From the listing below, please restate exactly the lines beginning at the one with "46歲的邱姓女子在網路交友軟" and ending at the one with "FOUR Circles Boxy Zip Up Hoodie Washed Black", both included, and skip the pictures.

GIVEN RECORDS:
* * *
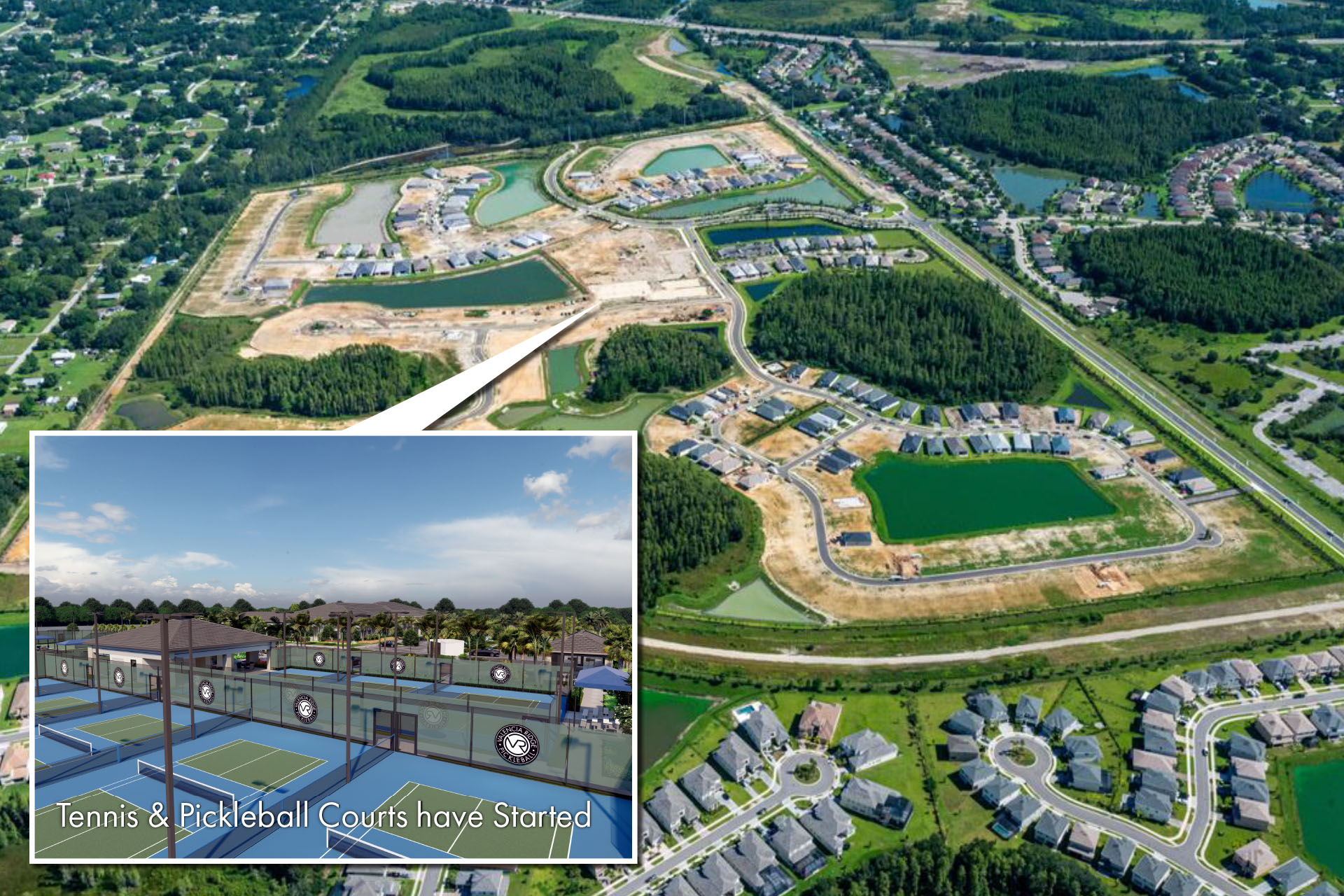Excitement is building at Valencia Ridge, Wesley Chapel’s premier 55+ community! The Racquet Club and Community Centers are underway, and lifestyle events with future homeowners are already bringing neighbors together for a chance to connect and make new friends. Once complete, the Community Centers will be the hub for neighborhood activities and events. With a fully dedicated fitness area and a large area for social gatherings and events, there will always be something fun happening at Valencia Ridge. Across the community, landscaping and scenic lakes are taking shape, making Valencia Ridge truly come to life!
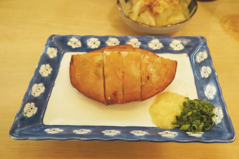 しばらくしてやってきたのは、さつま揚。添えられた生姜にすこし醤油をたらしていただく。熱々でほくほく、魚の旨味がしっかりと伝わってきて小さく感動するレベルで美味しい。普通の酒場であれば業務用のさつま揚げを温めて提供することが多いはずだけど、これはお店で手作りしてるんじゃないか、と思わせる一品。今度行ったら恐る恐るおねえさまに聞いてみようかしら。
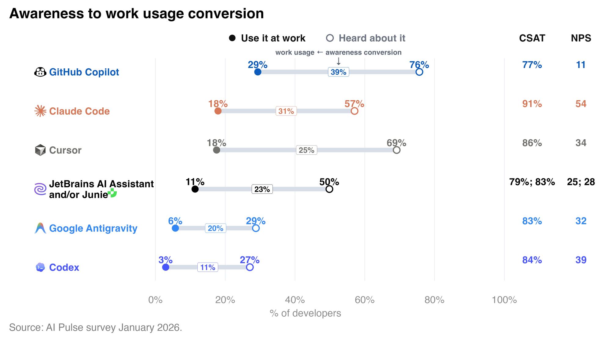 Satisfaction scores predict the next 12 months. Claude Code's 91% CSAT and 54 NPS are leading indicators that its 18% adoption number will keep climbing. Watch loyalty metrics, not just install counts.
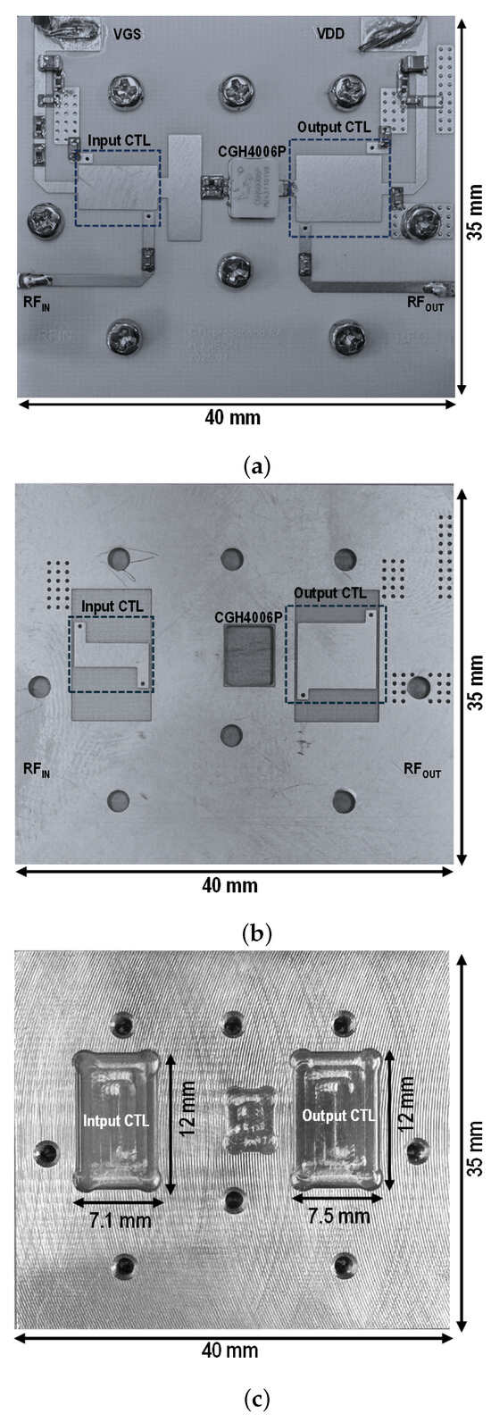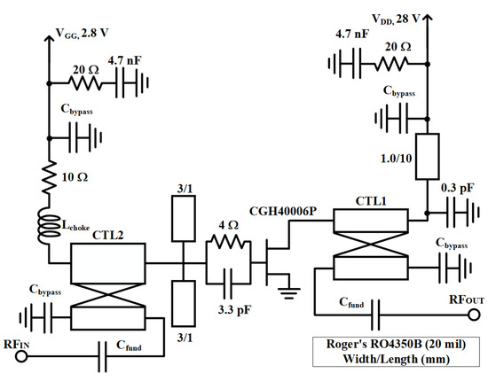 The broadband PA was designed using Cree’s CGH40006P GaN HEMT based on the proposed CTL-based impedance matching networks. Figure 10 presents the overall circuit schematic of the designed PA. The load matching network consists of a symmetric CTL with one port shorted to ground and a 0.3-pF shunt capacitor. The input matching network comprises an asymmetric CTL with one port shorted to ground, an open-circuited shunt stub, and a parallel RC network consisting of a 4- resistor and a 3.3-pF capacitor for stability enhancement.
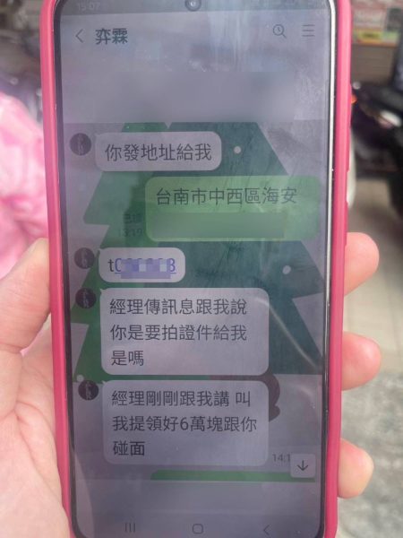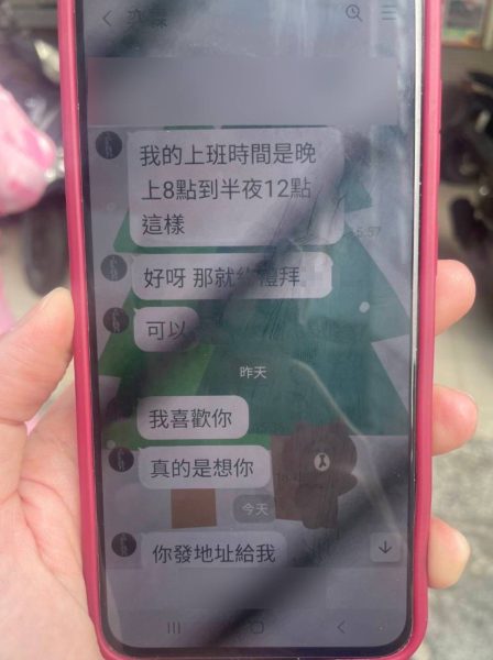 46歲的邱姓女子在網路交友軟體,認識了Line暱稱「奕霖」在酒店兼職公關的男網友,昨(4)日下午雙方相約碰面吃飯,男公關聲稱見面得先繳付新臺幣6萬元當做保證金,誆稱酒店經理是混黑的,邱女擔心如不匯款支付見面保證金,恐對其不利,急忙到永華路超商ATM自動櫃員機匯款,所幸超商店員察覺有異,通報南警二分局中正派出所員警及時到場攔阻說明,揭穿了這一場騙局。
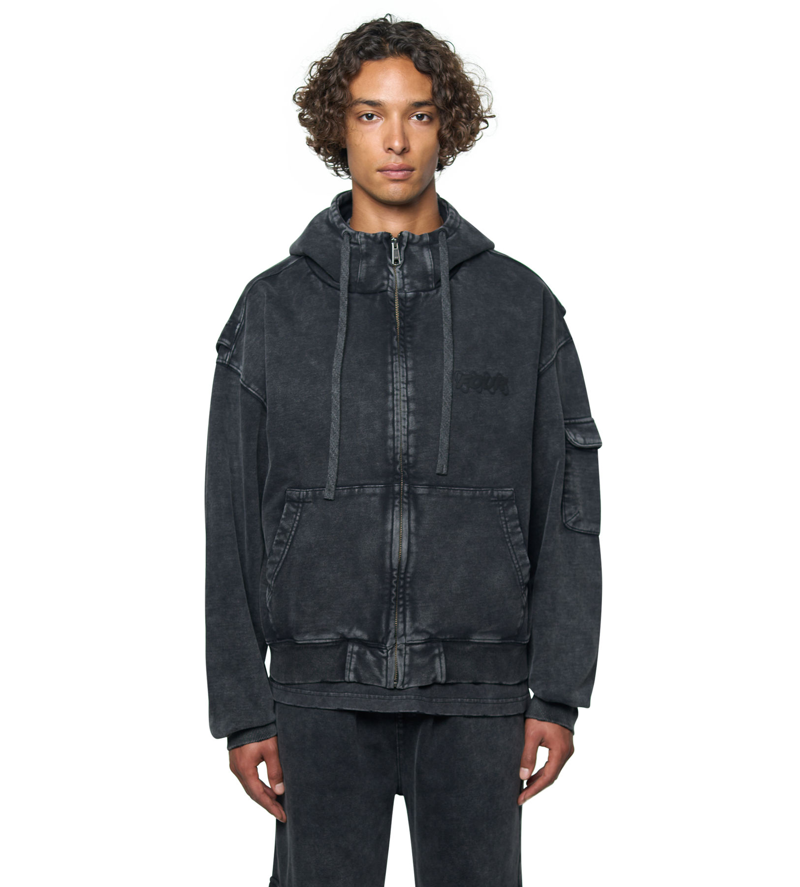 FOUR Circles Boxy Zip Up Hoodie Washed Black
* * *
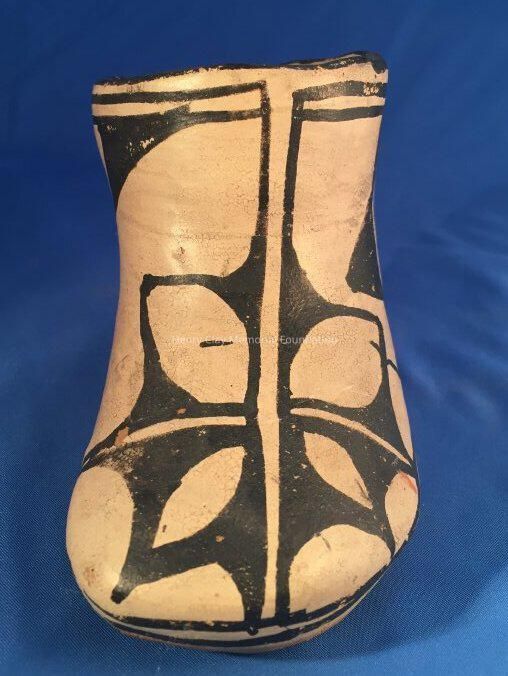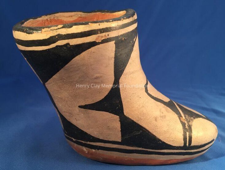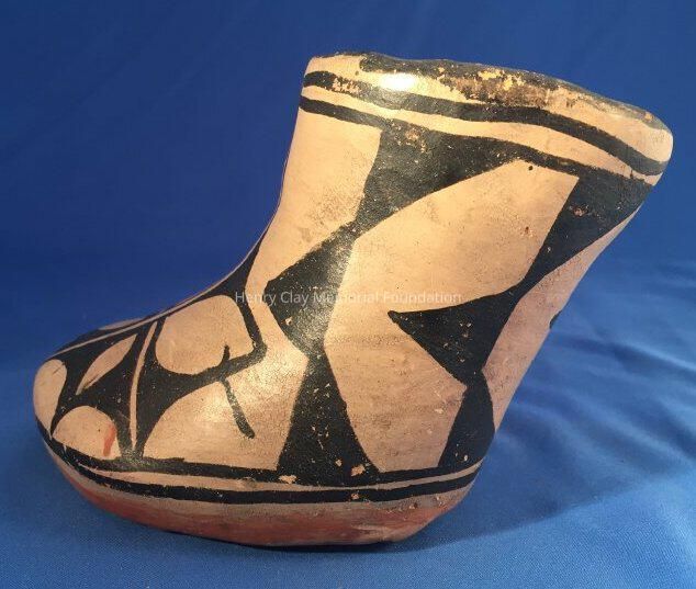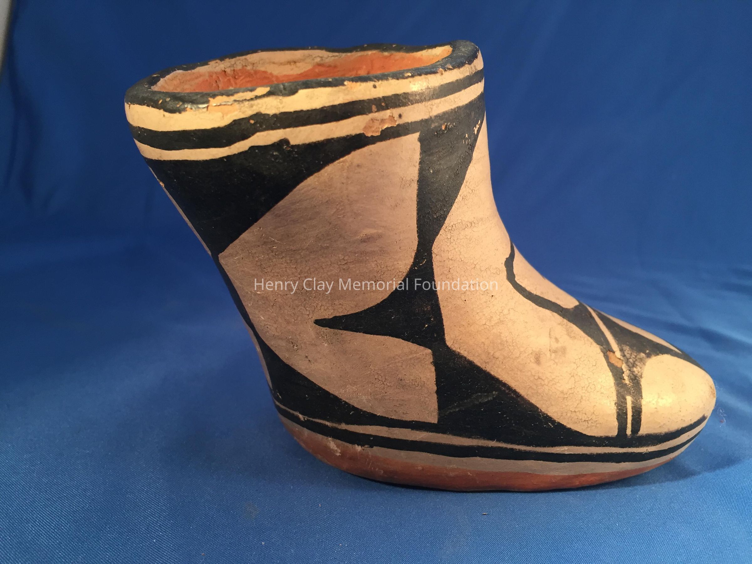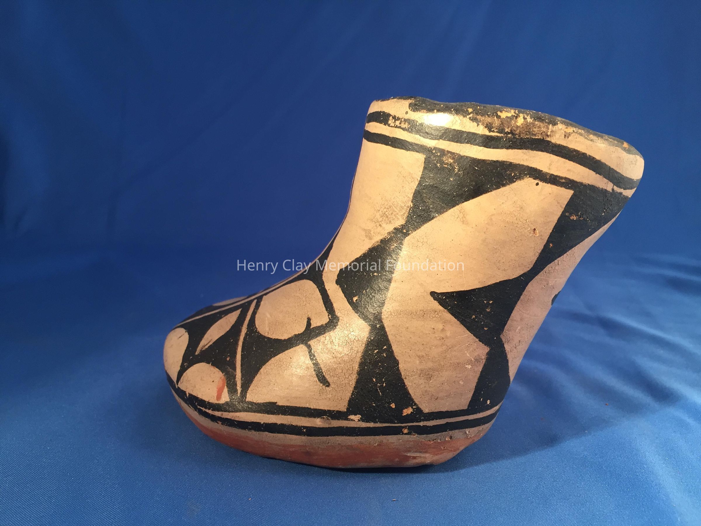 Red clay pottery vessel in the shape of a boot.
* * *
WORKED SOLUTION:
 46歲的邱姓女子在網路交友軟體,認識了Line暱稱「奕霖」在酒店兼職公關的男網友,昨(4)日下午雙方相約碰面吃飯,男公關聲稱見面得先繳付新臺幣6萬元當做保證金,誆稱酒店經理是混黑的,邱女擔心如不匯款支付見面保證金,恐對其不利,急忙到永華路超商ATM自動櫃員機匯款,所幸超商店員察覺有異,通報南警二分局中正派出所員警及時到場攔阻說明,揭穿了這一場騙局。
 FOUR Circles Boxy Zip Up Hoodie Washed Black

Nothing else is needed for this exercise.